Une suite de combats sanglants, de voies de fait, d’excès abominables marquèrent les quarante années de cette concurrence. Le désert en a enseveli le souvenir. Le tort que se firent réciproquement ces ambitieux de la fortune fut tel, qu’au milieu d’une abondance inouïe de fourrures, les deux sociétés touchèrent à l’heure de la ruine. Le prétexte invoqué de leurs querelles était le reproche d’invasion sur le terrain d’autrui : « Vous êtes sorti du domaine de votre charte », disait la Nord-Ouest à la Baie d’Hudson. « Le pays est anglais, et vous n’êtes que Français », répliquait la Baie d’Hudson.

« Il est plus facile de s’embrasser que de se convaincre ». C’est ce que firent les deux rivales, au plus fort de la bataille, en 1821.

Pendant qu’au fond du Nord, commis et engagés, hors d’atteinte des bonnes nouvelles pour une année encore, continuaient à s’entre-détruire, les têtes de Montréal et de Londres se rapprochaient et se confondaient. Les capitaux furent mis en commun, les personnels respectifs conservés, tous les établissements maintenus, les meilleurs articles des règlements amalgamés, et les deux organisations unifiées en un corps parfaitement articulé, solide, et resté indestructible jusqu’à nos jours, sous le vocable d’Honorable Compagnie de la Baie d’Hudson[1].

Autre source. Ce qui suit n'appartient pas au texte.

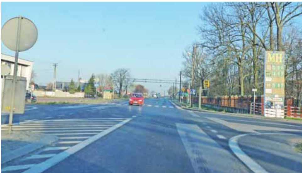
Jest szansa, że na skrzyżowaniu w Bedlnie powstanie sygnalizacja świetlna. Wniosek urzędu przeszedł pierwszy etap i uzyskał rekomendację wojewody łódzkiego. Teraz decyzja należy do ministerstwa

O budowę sygnalizacji świetlnej na skrzyżowaniu w Bedlnie mieszkańcy i samorządowcy za-
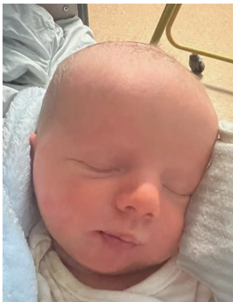
Julian , 52 cm, 3150 g, 29.11
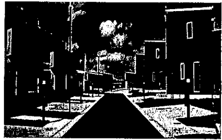
スマートウェルネスタウン

道の駅に隣接して地域優良賃貸住宅「むすざわスマートウェルネスタウン住宅」を備えて流入人口の増加を図っている。敷地面積は約8,990㎡、2階建戸建住宅25戸、平屋建戸建住宅3戸、2階建テラスハウス5戸。20年間の賃貸契約で20年間住み続けると建物が所有できるようにして、長期定住化を目指した住宅街となっている。
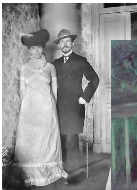
Б.М. Кустодиев с женой Юлией (1903)
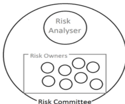
شکل ۱. "ارتباط بین تحلیلگر ریسک و مالکان ریسک"

استاندارد ایزو "10006:2003" چنین می‌گوید که مدیریت ریسک‌های پروژه با عدم قطعیت‌ها در سرتاسر پروژه سروکار دارد. این موضوع نیازمند یک رویکرد ساختار یافته است که بایستی در قالب طرح مدیریت ریسک مدون شود. هدف فرایندهای مرتبط با ریسک حداقل کردن رخدادهای منفی بالقوه و استفاده حداکثر از فرصت‌ها برای بهبود می‌باشد. همچنین عدم قطعیت‌ها به فرایندهای پروژه یا محصول پروژه مرتبط می‌شود. فرایندهای مرتبط با ریسک عبارتند از: -شناسایی ریسک-ارزیابی ریسک-رفتار ریسک-ریسک کنترل(ضیایی ۱۳۸۴). "نایجل" فرایند مدیریت ریسک پروژه را به مراحل: شناسایی منابع ریسک، تعیین کمیت اثرات آنها (ارزیابی و تحلیل
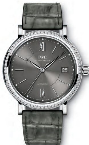
REF. IW458104 in acciaio con 66 diamanti sulla cassa e cinturino in pelle di alligatore grigio
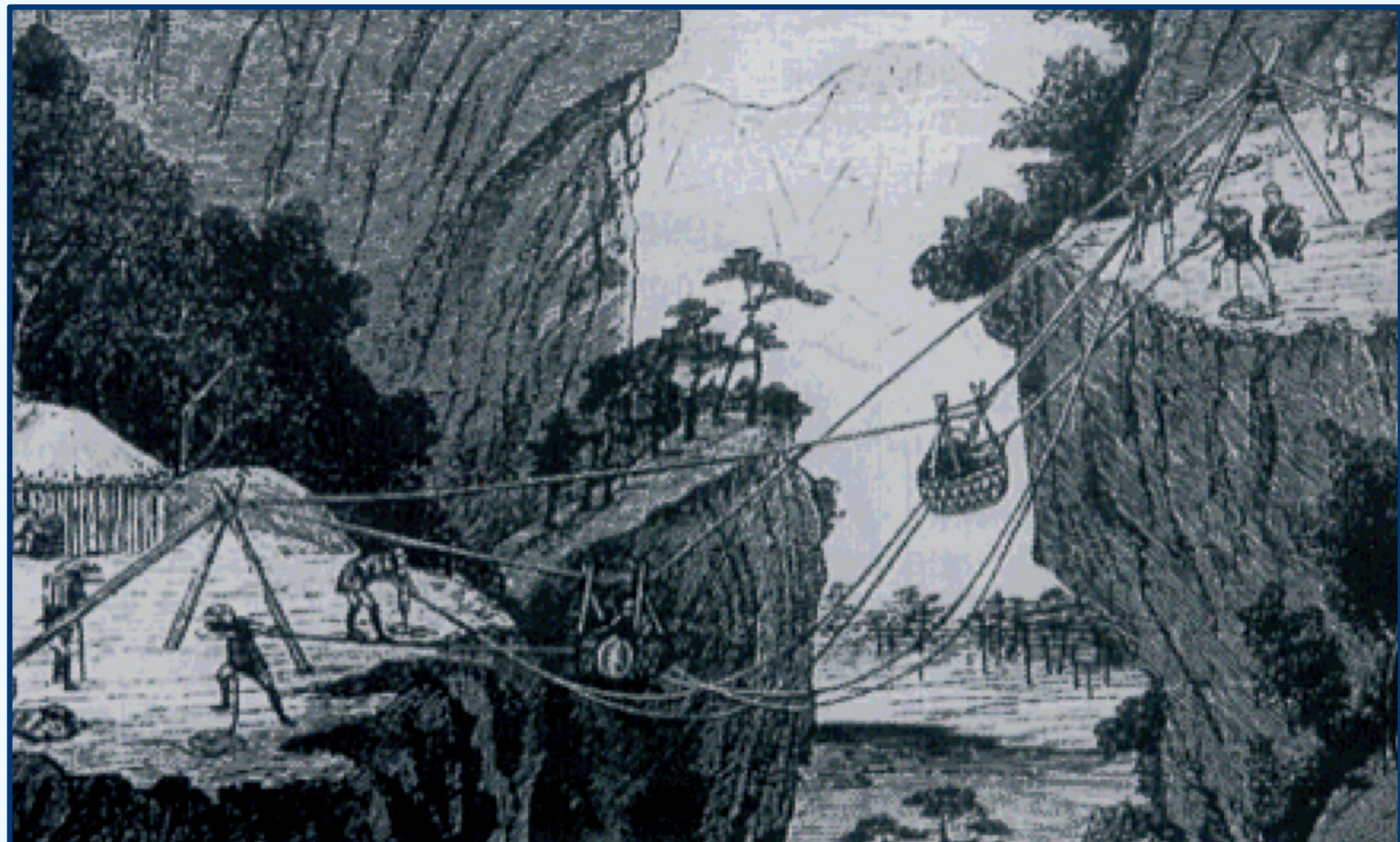
Transbordador en la China Imperial (1250)

En la prehistoria de los transbordadores existen noticias más o menos documentadas de diferentes obras, todas ellas en una primera etapa basada en el uso de cables de cáñamo . En unos casos con cable portante-tractor único y en otros distinguiendo entre ambos, uno más grueso sobre el que se sitúa la barquilla y otro, independiente, del que se tira desde las orillas para desplazarla.
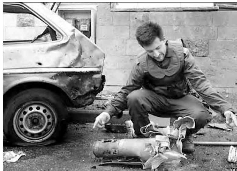
Израильский солдат осматривает остатки ракеты, запущенной из Ливана боевиками Хезболлы
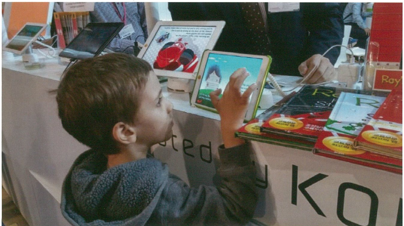
전자책 전시 및 체험 프로그램이 확대 운영된 2014년 프랑크푸르트 도서전

이처럼 전자책 시장의 꾸준한 성장세가 이어지면서 세계 최대 도서전 중 하나인 프랑크푸르트 도서전에서도 전자책과 디지털 1인 출판이 핵심 이슈 중 하나로 다루어졌다. 세계 102개국 7천여 출판사가 참여한 가운데 금년 10월 개최된 제66회 프랑크푸르트 도서전에서는 국내기업인 삼성이 협력기업으로 참여해 별도 스튜디오를 운영하면서 전자책과 연관된 다양한 디지털 콘텐츠를 선보였으며 비즈니스클럽 섹션 운영을 통해 전자책과 디지털 1인 출판 등 새로운 디지털 시대 맞춤형 사업의 활로를 모색하기도 하였다.
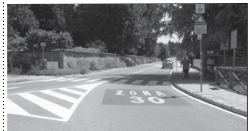
"Zona 30" in Viale del Pesco

La proposta progettuale presentata dall'Amministrazione Comunale è stata approvata ed ammessa a contributo. Secondo le disposizioni dettate dalla Regione Piemonte, il comune ha appaltato l'opera alla ditta Franco Barberis Spa. I lavori sono stati avviati in concomitanza con la chiusura dell'attività scolastica con la previsione di ultimarli entro fine anno.
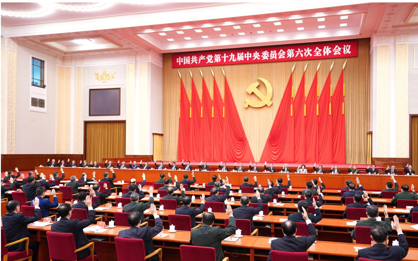
中国共产党第十九届中央委员会第六次全体会议，于2021年11月8日至11日在北京举行。中央政治局主持会议。

  1. Pendant cinquante ans, l’Honorable Compagnie s’enrichit d’un monopole, qu’elle eut, de droit d’abord, de fait ensuite, dans les Pays d’en Haut.

    En 1869, le gouvernement canadien lui acheta un domaine de deux millions et demi de milles carrés, pour en former les provinces actuelles du Manitoba, de la Saskatchewan, de l’Alberta et de la Colombie anglaise, ainsi que les Territoires. Il lui versa une indemnité de 7,500,000 francs et lui laissa de très vastes réserves de terrain dans toutes ces provinces. La Compagnie, bien que dépouillée du monopole de la traite, continua longtemps à tuer, de par la force établie de son système, maintes petites concurrences.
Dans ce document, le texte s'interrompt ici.